C++ template inheritance hides template parameters

Question

template <typename>
struct B
{
    constexpr static int T = 5;
};

template <int T>
struct D : B<int>
{
    constexpr static int value = T;
};

int main()
{
    std::cout << D<7>::value << std::endl; // 5, how to get 7 ?
}

Demo

As I have recently learned that the template parameters of a template derived class get checked after the names in the base class during lookup.

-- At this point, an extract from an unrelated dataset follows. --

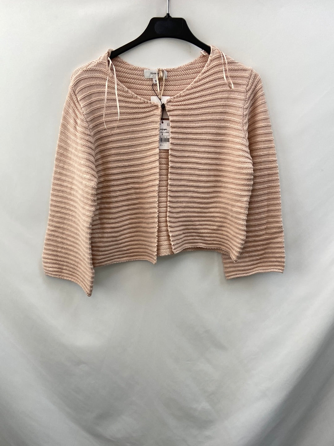NUEVO CON ETIQUETA. Rebeca rosa con hilos plateados de canalé. Elástico. Se abrocha solo por el cuello. Largo 40 cm

That being said, is there anyway to qualify the name T initializing value to refer to the template parameter T of the derived class?

EDIT:

So far from discussions in the comments it seems that the only way to achieve this is by making the base class type/value dependent which will delay the lookup to the names of the base (to the instantiation phase) and thus making the only available value for T is the template parameter.

Answer 1

To refer to value T of template B (which doesn't depend on B's template parameter):

#include <iostream>

template <typename>
struct B
{
    constexpr static int T = 5;
};

template <int T>
struct D : B<decltype(B<void>::T)>
{
    constexpr static int value = T;
};

int main()
{
    std::cout << D<7>::value << std::endl;
}

To refer type of template parameter T of template D:

#include <iostream>

template <typename>
struct B
{
    constexpr static int T = 5;
};

template <int T>
struct D : B<decltype(T)>
{
    constexpr static int value = T;
};

int main()
{
    std::cout << D<7>::value << std::endl;
}

Answer 2

I'm not entirely sure I understand the question but I think decltype does what you want:

template <int T>
struct D : B<decltype(T)>
{
    constexpr static decltype(T) value = T;
};

Answer 3

Because B is template, you can modify it to make it a dependent base class of D:

template <typename, int = 0>
struct B {
    constexpr static int T = 5;
};

template <int T>
struct D : B<int, T> {
    constexpr static int value = T; // name lookup of base T is deferred
};